Lancelot, the secure federated learning system

Lancelot, the secure federated learning system

Lancelot, the secure federated learning system

Redazione RHC:20 October 2025 08:18

A team of researchers in Hong Kong has released a system called Lancelot, which represents the first practical implementation of federated learning while also being protected from data tampering attacks and confidentiality breaches.

Federated learning allows multiple participants (clients) to jointly train a model without revealing the source data. This approach is particularly important in medicine and finance, where personal information is strictly regulated.

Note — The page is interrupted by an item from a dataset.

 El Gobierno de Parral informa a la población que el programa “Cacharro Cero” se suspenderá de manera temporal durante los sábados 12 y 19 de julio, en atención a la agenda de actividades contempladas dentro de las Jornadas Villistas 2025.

However, these systems are vulnerable to data poisoning : an attacker can upload fake updates and distort the results . Federated learning methods have partially solved this problem by discarding suspicious updates, but they have not protected against the possible recovery of encrypted data from the neural network’s memory.

The team decided to combine cryptographic security and attack resistance. Lancelot uses fully homomorphic encryption to ensure that all local model updates remain end-to-end encrypted.

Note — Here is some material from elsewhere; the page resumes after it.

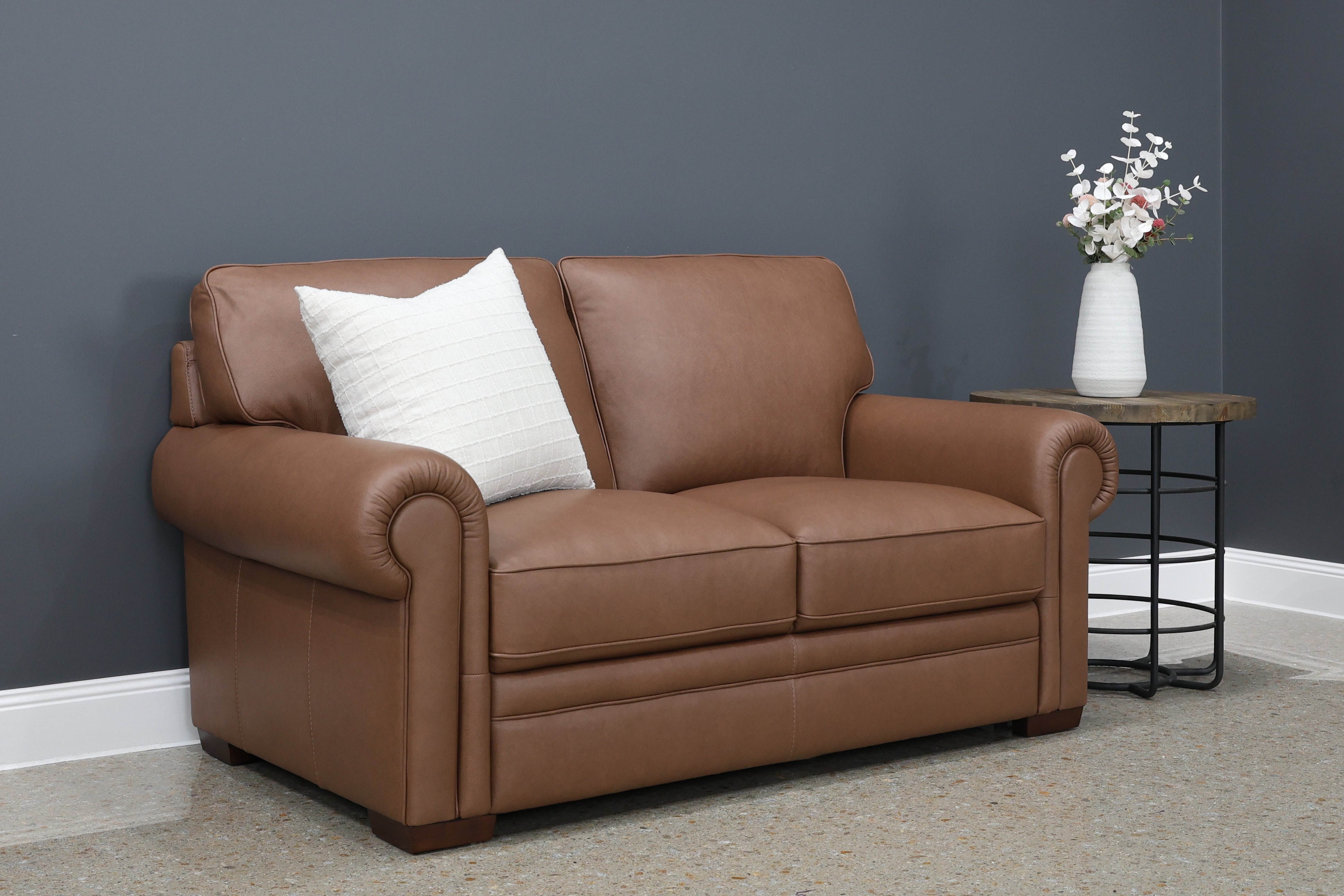 Bringing lasting charm, the Castlemaine range is upholstered in genuine top grain leather, adding warmth and character to any living space. Generously padded cushions and elegantly rolled arms provide comfort and sophistication. The Castlemaine range is ideal for those who value refined craftsmanship and enduring comfort.

The system also selects trusted client updates without revealing who is trusted. This is achieved using a special “masked sorting” mechanism : a trusted key center receives the encrypted data, sorts the clients by trust level, and returns only an encrypted list to the server, obscuring the training participants. This way, the server aggregates only verified data without revealing its origin.

To speed up the calculations, the developers implemented two optimization techniques. Lazy relinearization postpones costly cryptographic steps until the final stage, reducing the CPU load. Dynamic hoisting groups repetitive operations and executes them in parallel, even on GPUs, significantly reducing overall training time.

The result is a solution that addresses two vulnerabilities of federated learning: it is resilient to malicious attacks while ensuring complete data confidentiality . Tests have shown that Lancelot not only prevents data leaks and sabotage, but also significantly reduces model training times by optimizing cryptographic operations and leveraging GPUs.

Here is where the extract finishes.